Why does all of this have to hurt so much. Five minutes to delete everything from my life.

That is all it took.

Five minutes to delete a couple of digital photographs that no one ever saw. The only evidence that may have proved that something had happened.

Was it a dream? Dreams have happy endings.

No, this was more like a nightmare. A place where I did not exist. Where I was not as important as anything else in the world.

My significant other was my world and I was not even on a list of priorities. I existed only when and if I was wanted, like a toy which could be discarded at any moment.

This is not the first time, although it may be the first time I gave away all my love. The question is rather why do I let this continue? Why do I try and justify being treated with such disregard? Do I really think that little of myself that I would stay and be treated like a ghost?

No. I do not. I walked away.

I may have left my heart behind but I walked away.

And there is not even a photograph of us to prove that it wasn’t a dream.

Burnt Bridges

If there is one thing I am good at, is burning bridges. 
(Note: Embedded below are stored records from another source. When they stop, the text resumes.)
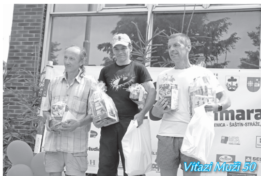
Víťazi Muži 50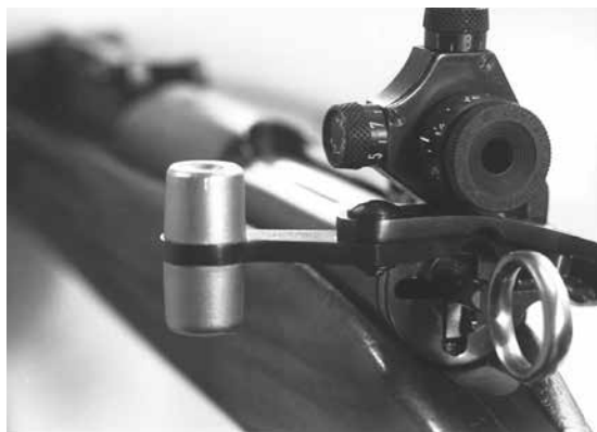
Figure 19: Verrou à gauche pour mousqueton 31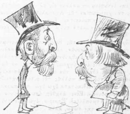
— Τί ξεύρετεν περὶ τῆς ἐκλείψεως τοῦ ἡλίου. — Ἡλίου φαινώτερον, ὅτι θὰ ἔχωμεν ἐκλογὰς.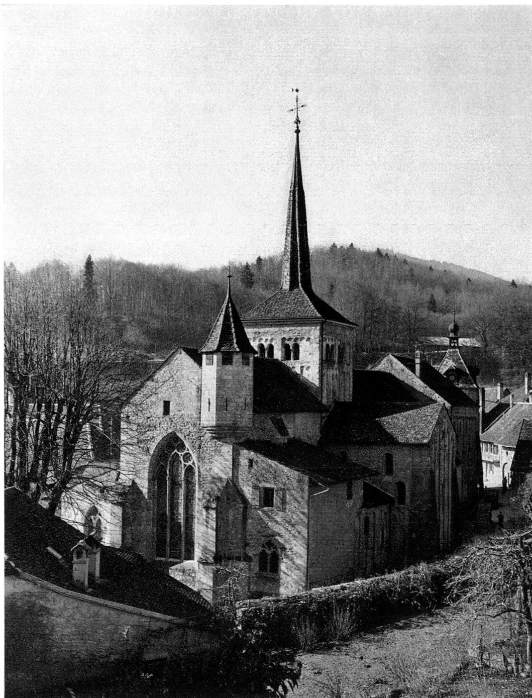
Romainmôtier, vue de l'extérieur

Château , ancien logis du prieur, important monument d'architecture profane des XIII e , XIV e et XV e siècles, qui, restauré avec soin, a retrouvé sa dignité primitive. Résidence baillivale bernoise de 1536 à 1798. A l'intérieur du corps principal, belle construction en bois et peintures murales des XIII e et XIV e siècles. Au rez, beau Salon décoré au début du XVII e siècle. A l'annexe construite sur le Nozon, vestiges de peintures murales du XV e siècle. (Pour l'église, voir Guide de Monuments suisses, série II, n o 13.)

Once a relationship has run its course, turned sour or toxic or is no longer fitting as snugly as it used to, it has to go. Harsh, yes, but I have always been a bit of a lazy friend. I wouldn’t say I am a bad person, but I would not say I am the easiest person in the world to have any form of relationship with.

So when the time comes, I wave goodbye and walk away.

Usually messily.

So, yes, I am very good at burning bridges

Although I am now starting to think that sometimes when you burn a bridge the foundation is left. You have to clear all the rubble, and probably patch up a couple of things, but no one said that a fire destroys the foundation of something. 

So maybe, and just maybe, when you burn an elaborate expensive bridge, One filled with memories, character, trust and love, there is a solid foundation waiting underneath all that rubble.

I am sure in some cases the foundation will never hold such an elaborately decorated bridge as it once did, but perhaps it can hold a stable decent bridge. Or even a bit of a misshapen slightly wonky but full of character bridge. Whatever it is, it is still salvageable due to the foundation.

However, there are those rare times. Times when the foundation of the bridge was so well built on mutual respect and love that a bigger, better bridge can be built. A bridge that will last a lifetime.

I am not saying it is easy to sift through the rubble of burnt bridges. I am also not saying that all bridges that were burnt should be rebuilt. 

What I am trying to get at, is that if both sides are willing to put in the effort, the forgiveness, sometimes what you find under the rubble will surprise you.